* [Task to complete]: Once the line containing "黄金作为大类资产之一,具有金" is found, please set it down along with each following line, exactly, to the end of the material.

* [Data extract]:
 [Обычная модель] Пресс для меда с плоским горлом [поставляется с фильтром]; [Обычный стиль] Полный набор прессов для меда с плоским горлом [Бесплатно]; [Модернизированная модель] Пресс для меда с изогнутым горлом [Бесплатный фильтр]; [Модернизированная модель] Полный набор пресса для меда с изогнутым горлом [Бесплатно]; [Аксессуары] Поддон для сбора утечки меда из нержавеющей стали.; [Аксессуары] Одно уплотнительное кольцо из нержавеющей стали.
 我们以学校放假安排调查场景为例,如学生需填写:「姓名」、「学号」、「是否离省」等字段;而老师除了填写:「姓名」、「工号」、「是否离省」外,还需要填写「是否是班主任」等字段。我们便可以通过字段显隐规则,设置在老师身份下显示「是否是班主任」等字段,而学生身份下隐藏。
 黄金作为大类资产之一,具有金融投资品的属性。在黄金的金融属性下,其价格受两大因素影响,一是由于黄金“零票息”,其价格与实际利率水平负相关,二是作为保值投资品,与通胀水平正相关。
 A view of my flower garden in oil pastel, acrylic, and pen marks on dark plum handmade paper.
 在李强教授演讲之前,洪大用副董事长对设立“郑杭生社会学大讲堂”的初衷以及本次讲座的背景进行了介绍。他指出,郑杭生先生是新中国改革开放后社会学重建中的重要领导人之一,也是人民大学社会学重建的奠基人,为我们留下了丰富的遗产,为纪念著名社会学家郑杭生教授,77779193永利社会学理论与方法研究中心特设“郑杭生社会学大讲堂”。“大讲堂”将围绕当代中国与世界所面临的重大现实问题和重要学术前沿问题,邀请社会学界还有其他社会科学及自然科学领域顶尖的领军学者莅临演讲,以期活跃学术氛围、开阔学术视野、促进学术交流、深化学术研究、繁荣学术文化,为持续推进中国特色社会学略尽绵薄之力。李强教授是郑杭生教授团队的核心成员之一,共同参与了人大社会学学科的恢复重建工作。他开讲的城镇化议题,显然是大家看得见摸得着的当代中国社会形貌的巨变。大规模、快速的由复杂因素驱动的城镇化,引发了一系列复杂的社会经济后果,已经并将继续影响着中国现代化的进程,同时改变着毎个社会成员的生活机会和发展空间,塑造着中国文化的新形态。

* [Solved problem]:
 黄金作为大类资产之一,具有金融投资品的属性。在黄金的金融属性下,其价格受两大因素影响,一是由于黄金“零票息”,其价格与实际利率水平负相关,二是作为保值投资品,与通胀水平正相关。
 A view of my flower garden in oil pastel, acrylic, and pen marks on dark plum handmade paper.
 在李强教授演讲之前,洪大用副董事长对设立“郑杭生社会学大讲堂”的初衷以及本次讲座的背景进行了介绍。他指出,郑杭生先生是新中国改革开放后社会学重建中的重要领导人之一,也是人民大学社会学重建的奠基人,为我们留下了丰富的遗产,为纪念著名社会学家郑杭生教授,77779193永利社会学理论与方法研究中心特设“郑杭生社会学大讲堂”。“大讲堂”将围绕当代中国与世界所面临的重大现实问题和重要学术前沿问题,邀请社会学界还有其他社会科学及自然科学领域顶尖的领军学者莅临演讲,以期活跃学术氛围、开阔学术视野、促进学术交流、深化学术研究、繁荣学术文化,为持续推进中国特色社会学略尽绵薄之力。李强教授是郑杭生教授团队的核心成员之一,共同参与了人大社会学学科的恢复重建工作。他开讲的城镇化议题,显然是大家看得见摸得着的当代中国社会形貌的巨变。大规模、快速的由复杂因素驱动的城镇化,引发了一系列复杂的社会经济后果,已经并将继续影响着中国现代化的进程,同时改变着毎个社会成员的生活机会和发展空间,塑造着中国文化的新形态。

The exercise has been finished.